Но его железобетонное упорство в попытках достигнуть своей цели не перестает меня поражать. Он терпел неудачи, но не ломался, не отступал, не сдавался. Возможно, у него был некий аналог тренера личностного роста, или еще какая психологическая приблуда — но на самом деле, поведение Барбаросы и многих других видных исторических деятелей из феодального сословия, выглядят неестественными.
Для человека нормально отступать. Если вы ударились головой в стену, вы охнете, и отступите, пытаясь понять что происходит. Увидите стену и если вам нужно пройти дальше, начнете искать обходные пути.
Такие как Барбаросса, отступали только чтобы взять разбег.
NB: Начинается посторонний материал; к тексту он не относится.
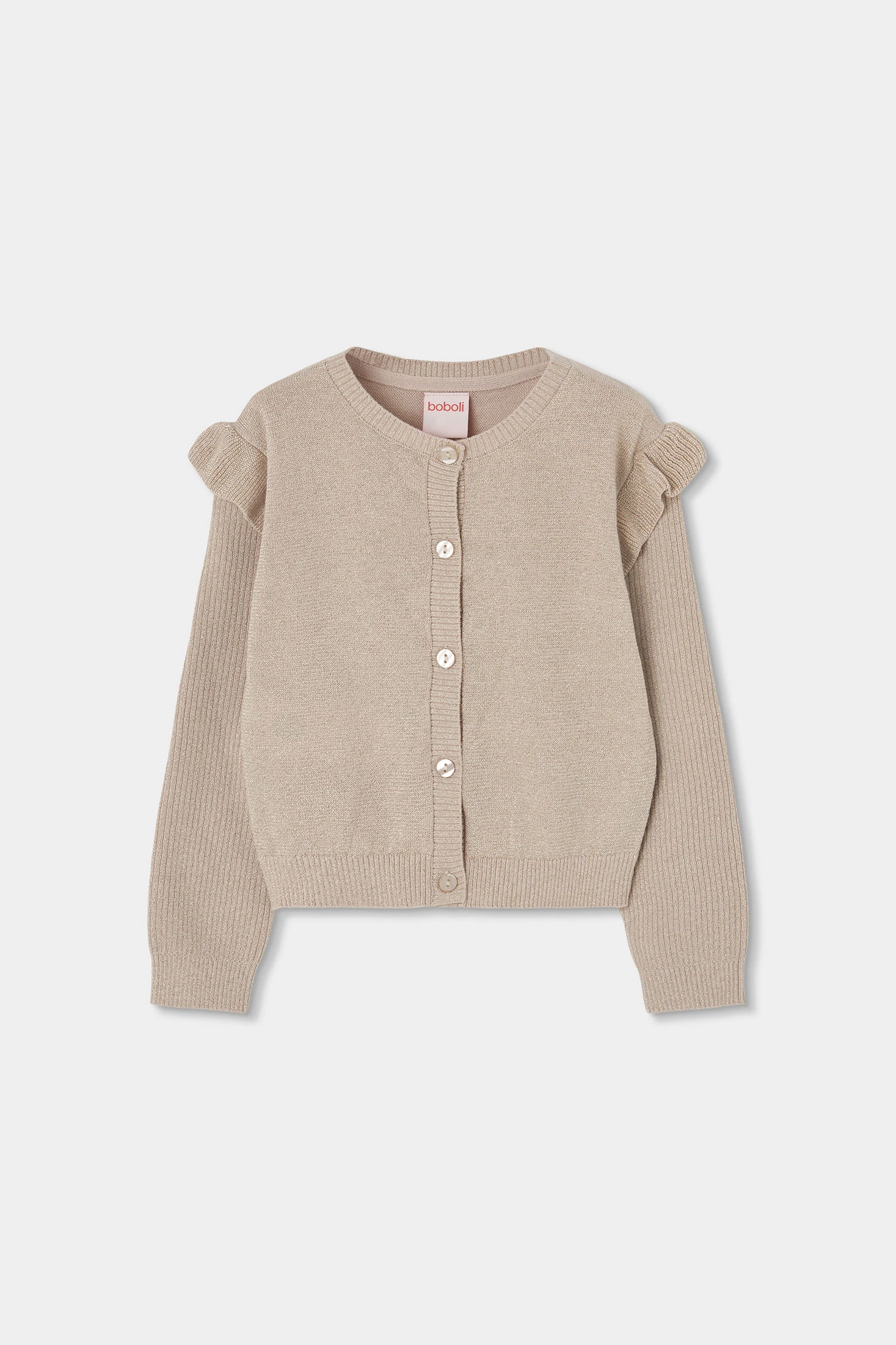 Veste en maille pour fille idéale pour les saisons d'automne et d'hiver. Confectionnée dans un tissu doux, elle offre confort et chaleur. Le design de couleur beige la rend polyvalente et facile à assortir avec d'autres vêtements. Elle présente un col rond et des boutons à l'avant, ce qui facilite son utilisation. Les détails à volants sur les épaules ajoutent une touche d'élégance. Disponible dans les tailles allant de 2 à 14 ans. Elle est parfaite pour ajouter une touche chic à toute tenue quotidienne.

Не претендуя на истину, я думаю, что дело в их сословной принадлежности.
В средневековье люди были очевидно не равны. Очевидно для любого здравомыслящего человека. Прежде всего, люди делились на сословия. Потом по статусу — причем статус сильно зависел от семьи. С одной стороны, благородный рыцарь мог убить священника или монаха, и даже никак за это не пострадать, при том что обычный крестьянин мог быть убит даже за неосторожное слово против священнослужителя. С другой стороны, презренные купцы Медичи, практически простолюдины, однажды породнились с монархами Франции, объективно величайшей феодальной монархией Европы. Впрочем, это скорее исключение. После того, как вы определяли сословную принадлежность и статус, шли остальные второстепенные детали.
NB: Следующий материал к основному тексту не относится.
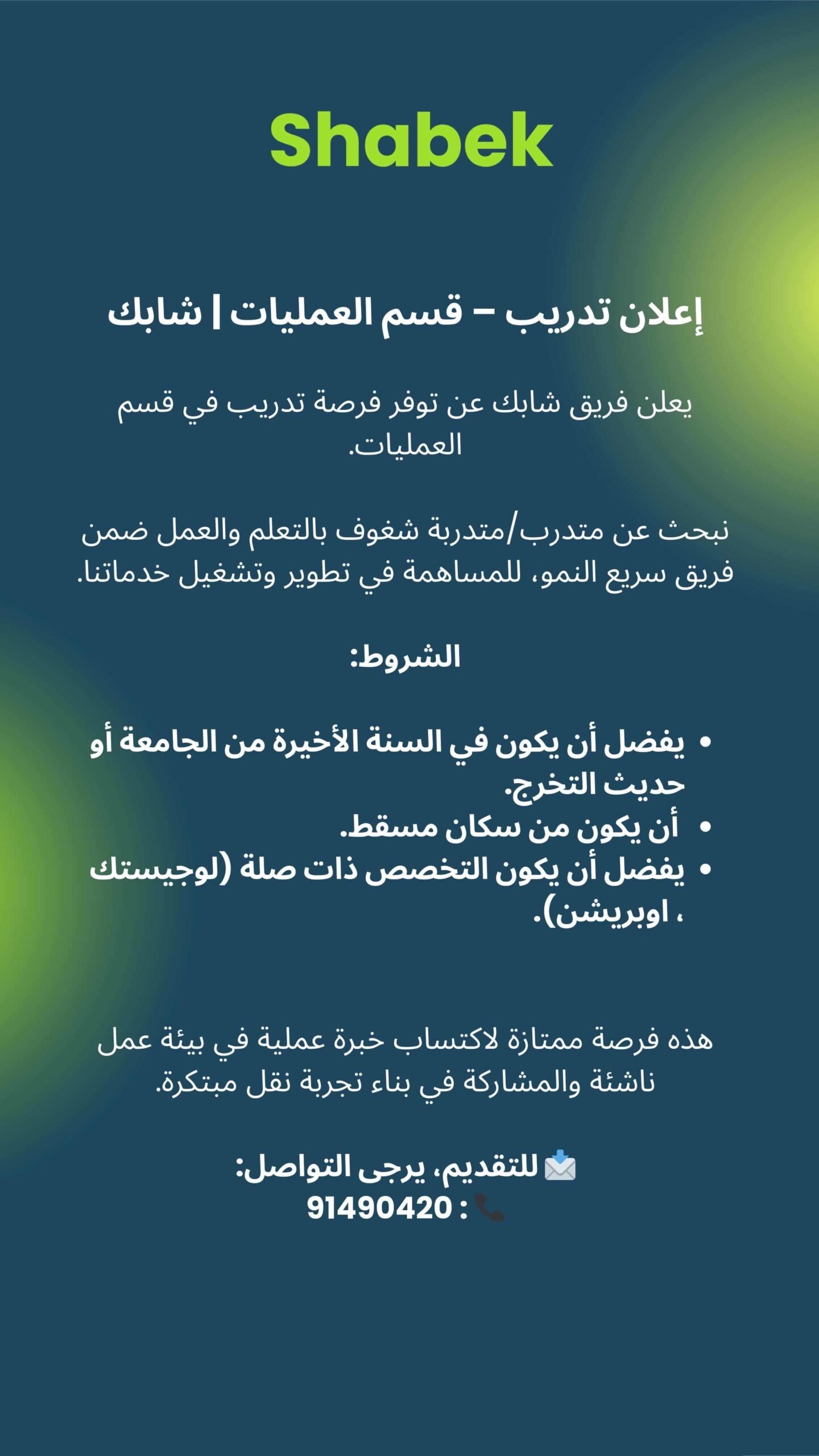 شركة شابك - توفر فرصة تدريب في قسم العمليات

Что интересно, вот про цвет кожи в средневековых описаниях особо и нет. А если и есть, то не все так просто. Лодовико Сфорца по прозвищу Моро (черный, мавр) например: «Говорили, что этим прозвищем он обязан темному цвету своего лица, однако видевший его Паоло Джовио уверяет нас, что он вовсе не был смуглым».
В средневековье обычного человека определяло происхождение. Сейчас мы практически зеркалим средневековое мнение о человеке, полностью меняя шкалу оценок. Если для нас описание некоего Васи Петрова в первую очередь начнется с того, что он мужчина, русский, с таким-то цветом волос, и только потом из какого он города — то для средневековья описание бы звучало скорее всего так: Из семьи Петровых, Сидоров по матери, из города такого-то. Национальность еще не придумали, но внешность была понятием весьма второстепенным.
Это не значит, что на внешность люди внимание не обращали. Вполне обращали, была и мода, сохранились и описания преступников очень похожие на современный словесный портрет. Просто не только социальный статус, но даже и ожидаемое поведение человека, да практически полностью мнение о нем — вытекало не из его поступков, а из его происхождения.
Труффальдино из Бергамо из пьесы «Слуга двух господ», постоянно подчеркивает свое происхождение, городок Бергамо. Он постоянно называет вместе с именем малую родину, так сказать. Впрочем, не он один — для большинства средневековых людей принадлежность к конкретной общине была буквально вместо фамилии. Типа представился ты как Вася Питерский, и все понимают, что пьянка с тобой будет иметь вариант продолжения с расчлененкой. Конечно, некоторые особо выдающиеся личности принадлежали всей Италии, например Донателло или Рафаэль Санти, но вот Леонардо так навсегда и остался для окружающих Леонардо из Винчи.